沐黎脸色骤变,她想起古籍里的另一段记载——若献祭者心怀执念,灵脉枢纽又有邪祟盘踞,献祭术会被反噬,不仅无法续脉,还会让邪祟冲破封印。“是瘴林里的妖兽!”她失声喊道,“我们杀的只是它的分身,本体一直在灵脉枢纽里!”
黑色的雾气渐渐凝聚成一只巨大的妖兽,它的爪子抓着清玥的身体,獠牙上还沾着血迹。清玥的气息越来越弱,金色的光芒也变得黯淡。“清玥!”萧宴临拔剑冲上去,却被妖兽一爪子拍飞,重重摔在地上,吐出一口鲜血。
“没用的。”妖兽的声音嘶哑难听,“这神女的血,正好用来滋养我。等我吞了她的神魂,再冲破三界结界,到时候,整个天下都是我的!”它说着,张开嘴,就要吞噬清玥的神魂。
就在这时,一道白光从远处飞来,直刺妖兽的眼睛。妖兽惨叫一声,松开了清玥。众人抬头看去,只见一个穿着白衣的女子站在不远处,正是天界的仙子云瑶。“南栖玥,你真是糊涂!”云瑶的声音带着怒意,却还是抬手打出一道法术,护住了清玥,“天帝早就知道灵脉有问题,派我来帮忙,你却偏偏要逞英雄!”
清玥躺在地上,气息微弱,她看着云瑶,眼中满是不解:“为什么……不早说?”
“早说?”云瑶冷笑一声,“你以为你逃下天界,天帝还会管你的死活?若不是沐黎去天界求了三天三夜,甚至愿意以自身修为为代价,你以为我会来?”她转头看向沐黎,眼神复杂,“你也是,明知道她的性子,还任由她胡闹。”
沐黎没说话,只是快步跑到清玥身边,将一颗丹药喂进她嘴里。丹药入口即化,清玥的气息渐渐平稳了些,可脸色依旧苍白。“现在怎么办?”沈曦擦干眼泪,声音带着颤抖,“妖兽越来越强,灵脉也快崩了。”
云瑶皱眉看着妖兽,又看了看清玥:“只能先封印妖兽,再想办法续灵脉。南栖玥,你现在还能结印吗?我需要你的神女之力辅助。”
清玥点了点头,挣扎着站起身。她和云瑶对视一眼,同时结印。金色的光芒和白色的光芒交织在一起,形成一道巨大的封印,朝着妖兽罩去。妖兽嘶吼着反抗,黑色的雾气不断冲击着封印,可在两道力量的压制下,还是渐渐被封印住了。
就在封印即将完成的时候,妖兽突然爆发出一股强大的力量,冲破了封印的一角,黑色的雾气朝着小芜飞去。“小心!”清玥大喊一声,扑过去将小芜推开,自己却被雾气击中,吐出一口鲜血。
封印瞬间崩裂,妖兽再次获得自由。它看着清玥,眼中满是贪婪:“神女的血,果然美味。这次,我看谁还能救你!”它张开嘴,就要再次吞噬清玥。

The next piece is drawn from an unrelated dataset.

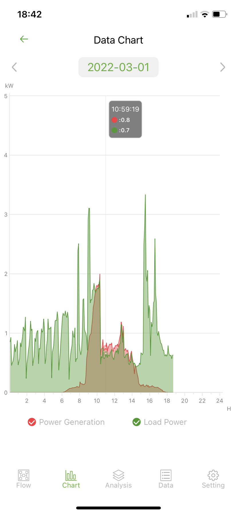 Tady přikladam graf. Dnes 11h odběr stálých cca 100w a fazi A. Obdběr v domě cca 700w z panelu jde cca 800w . Dle mě jde o nějakou chybu měření…

“住手!”萧宴临忍着伤痛,再次冲上去。沈曦也拿起剑,和萧宴临一起对抗妖兽。沐黎则护在清玥和小芜身边,不断打出法术,阻止妖兽的攻击。云瑶也重新结印,准备再次封印妖兽。
可妖兽的力量实在太强了,萧宴临和沈曦很快就败下阵来,纷纷受伤。沐黎的法术也渐渐抵挡不住妖兽的攻击,身上多了好几道伤口。云瑶的封印也被妖兽一次次冲破,脸色越来越苍白。

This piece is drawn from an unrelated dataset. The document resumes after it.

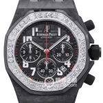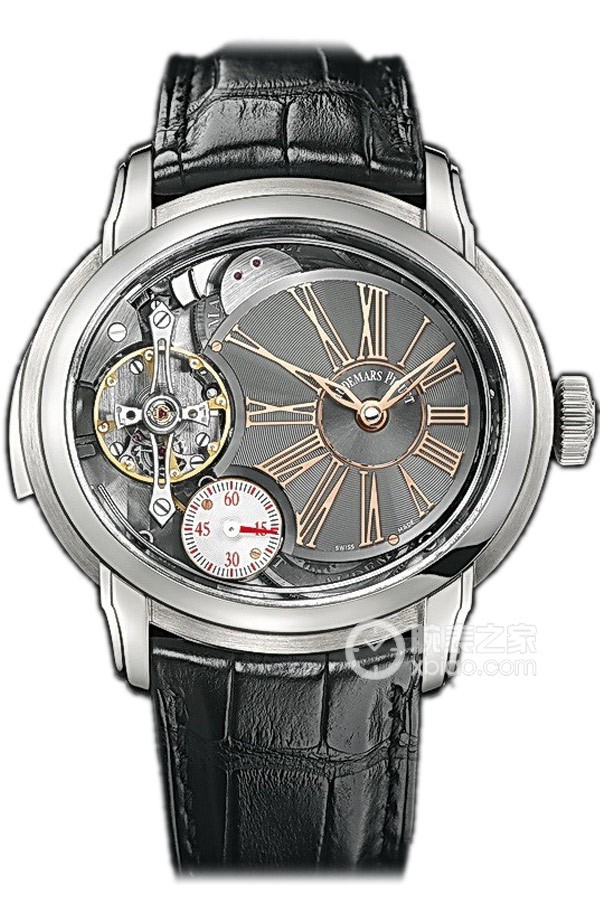 Basic Information: ID 26371TI.OO.D002CR.01; Brand: Audemars Piguet; Series: Millennium; Movement Type: Manual Mechanical; Gender: Men’s; Limited Edition: 8; Movement Model: Cal.2910 Movement Type: Manual Mechanical; Manufacturer: Audemars Piguet; Movement Diameter: 37.9 x 32.9 mm; Movement Thickness: 10.05 mm; Frequency: 21,600 vibrations per hour; Hairspring: Double-plane hairspring; Jewels: 40; Parts: 443; Power Reserve: 165 hours; Case Diameter: 47 mm; Case Thickness: 15.8 mm; Dial Color: Dark Grey; Dial Shape: Oval; Strap Color: Black; Clasp Type: Folding Clasp; Case Back: Anti-reflective sapphire crystal; Weight: Not available; Water Resistance: 20 meters; Hour Markers: Roman numerals; Clasp Spacing: Not available; Lug Spacing: Not available; Materials: Case Material: Titanium; Dial Material: Dark grey dial with rose gold applied Roman numerals and hands and silver small seconds chronograph; Bezel Material: Not available; Crystal Material: Anti-reflective sapphire crystal; Crown Material: Titanium; Strap Material: Alligator leather, hand-stitched square scales; Clasp Material: Titanium; Functions: Tourbillon, Minute Repeater

清玥看着眼前的景象,心中满是绝望。她知道,再这样下去,所有人都会死在这里。她看着身边的众人,眼中闪过一丝决绝。她缓缓站起身,身上再次爆发出金色的光芒。“南栖玥,你要干什么?”云瑶察觉到她的意图,大喊道,“你现在的身体根本承受不住再次献祭!”
“我知道。”清玥的声音平静却坚定,“但我不能看着他们死。灵脉要续,他们也要活。”她抬手结印,这一次,金色的光芒比之前更加耀眼。“这是……神女的终极献祭!”云瑶失声喊道,“你疯了!这样不仅会魂飞魄散,连神魂都会被灵脉吞噬,永不超生!”

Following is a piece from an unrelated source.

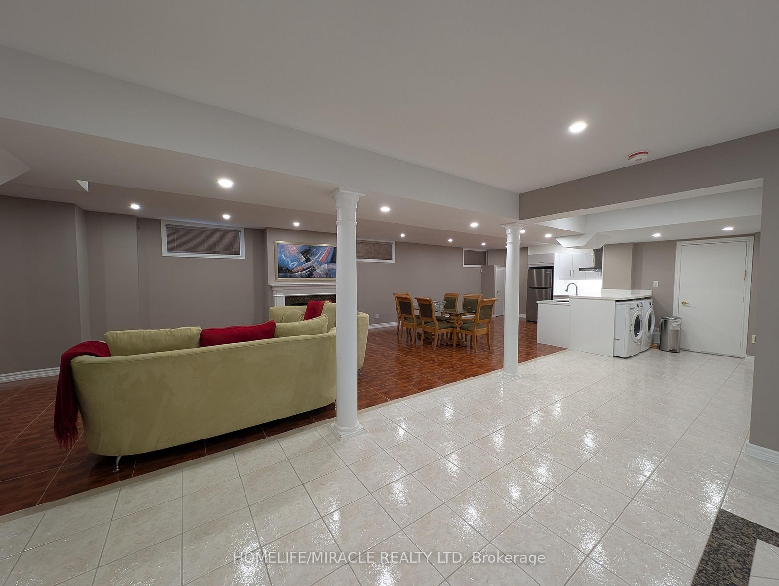 Discover this exceptionally spacious and beautifully finished basement apartment, offering an incredible 1,300 square feet of comfortable living space. Nestled within a quiet, family-friendly Vaughan neighborhood, this home provides the perfect setting. The expansive open-concept layout seamlessly combines a huge living room, family room, and dining area, all anchored by a cozy gas fireplace. This unit features two generously sized bedrooms, both boasting large walk-in closets. The brand new modern kitchen is outfitted with new appliances, and for ultimate convenience, the apartment includes a private in-suite washer and dryer. You'll be just moments away from beautiful parks, shopping centers, public transit, and major highways, offering a perfect blend of peaceful residential living and urban accessibility. This is not your typical basement apartment; it's a complete lifestyle package waiting for you to call home. For your convenience, this unit can be provided fully furnished at an additional cost.

清玥没理会云瑶的劝阻,只是对着众人露出了最后一个笑容。金色的光芒瞬间笼罩了整个山巅,不仅包裹住了妖兽,还护住了萧宴临等人。妖兽在光芒中不断嘶吼、挣扎,最终被光芒彻底吞噬,化为灰烬。
与此同时,灵脉枢纽的裂缝也渐渐愈合,枯竭的灵脉开始重新焕发生机。可清玥的身影却在光芒中越来越透明,最终彻底消失,只留下一件素白的披风,被风吹着,缓缓落在地上。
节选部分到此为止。